[Dataset items]
□ □ □ □ □

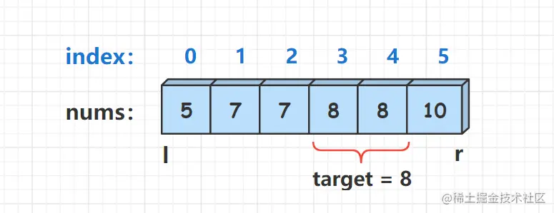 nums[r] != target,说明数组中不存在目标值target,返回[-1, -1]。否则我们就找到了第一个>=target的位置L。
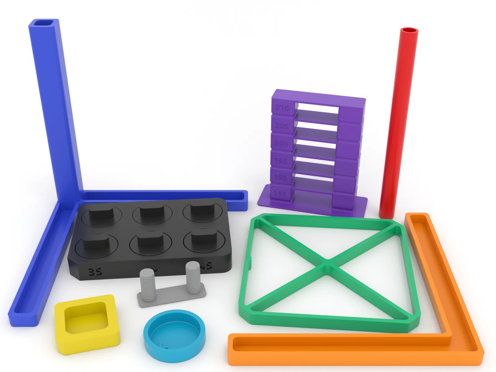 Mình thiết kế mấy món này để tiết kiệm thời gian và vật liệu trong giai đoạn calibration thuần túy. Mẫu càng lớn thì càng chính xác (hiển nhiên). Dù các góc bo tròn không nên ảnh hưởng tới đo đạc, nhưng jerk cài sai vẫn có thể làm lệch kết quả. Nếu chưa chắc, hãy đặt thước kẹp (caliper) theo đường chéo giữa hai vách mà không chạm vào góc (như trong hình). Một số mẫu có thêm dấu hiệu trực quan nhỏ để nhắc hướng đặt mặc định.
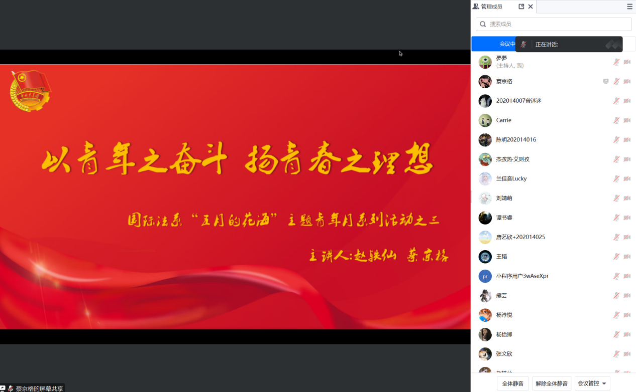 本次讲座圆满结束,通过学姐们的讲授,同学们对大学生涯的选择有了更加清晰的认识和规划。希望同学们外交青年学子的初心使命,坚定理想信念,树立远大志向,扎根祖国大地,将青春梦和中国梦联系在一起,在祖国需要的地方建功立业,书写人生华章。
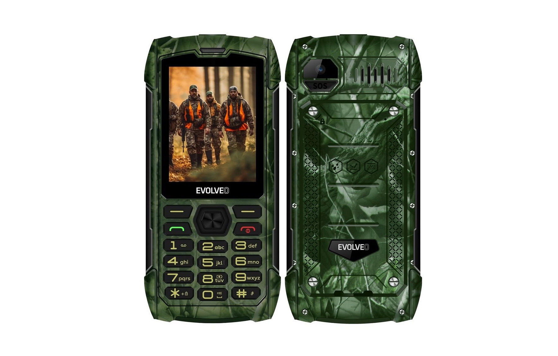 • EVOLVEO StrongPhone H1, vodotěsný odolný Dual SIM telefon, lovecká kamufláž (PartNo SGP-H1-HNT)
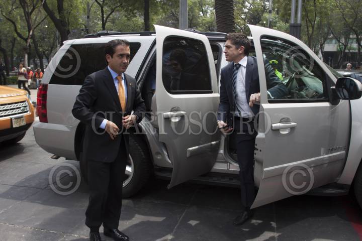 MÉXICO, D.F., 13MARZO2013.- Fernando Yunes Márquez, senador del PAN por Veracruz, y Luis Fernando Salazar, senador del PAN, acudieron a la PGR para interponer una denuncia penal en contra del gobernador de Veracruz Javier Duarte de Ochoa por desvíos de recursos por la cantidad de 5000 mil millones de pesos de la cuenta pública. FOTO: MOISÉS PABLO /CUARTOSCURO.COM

□ □ □ □ □

■ TASK DESCRIPTION
Lines from the one holding "Mình thiết kế" to the end of the data, both ends included, are to be given again exactly; no pictures belong in the copy.

■ ANSWER FOR THE TASK
 Mình thiết kế mấy món này để tiết kiệm thời gian và vật liệu trong giai đoạn calibration thuần túy. Mẫu càng lớn thì càng chính xác (hiển nhiên). Dù các góc bo tròn không nên ảnh hưởng tới đo đạc, nhưng jerk cài sai vẫn có thể làm lệch kết quả. Nếu chưa chắc, hãy đặt thước kẹp (caliper) theo đường chéo giữa hai vách mà không chạm vào góc (như trong hình). Một số mẫu có thêm dấu hiệu trực quan nhỏ để nhắc hướng đặt mặc định.
 本次讲座圆满结束,通过学姐们的讲授,同学们对大学生涯的选择有了更加清晰的认识和规划。希望同学们外交青年学子的初心使命,坚定理想信念,树立远大志向,扎根祖国大地,将青春梦和中国梦联系在一起,在祖国需要的地方建功立业,书写人生华章。
 • EVOLVEO StrongPhone H1, vodotěsný odolný Dual SIM telefon, lovecká kamufláž (PartNo SGP-H1-HNT)
 MÉXICO, D.F., 13MARZO2013.- Fernando Yunes Márquez, senador del PAN por Veracruz, y Luis Fernando Salazar, senador del PAN, acudieron a la PGR para interponer una denuncia penal en contra del gobernador de Veracruz Javier Duarte de Ochoa por desvíos de recursos por la cantidad de 5000 mil millones de pesos de la cuenta pública. FOTO: MOISÉS PABLO /CUARTOSCURO.COM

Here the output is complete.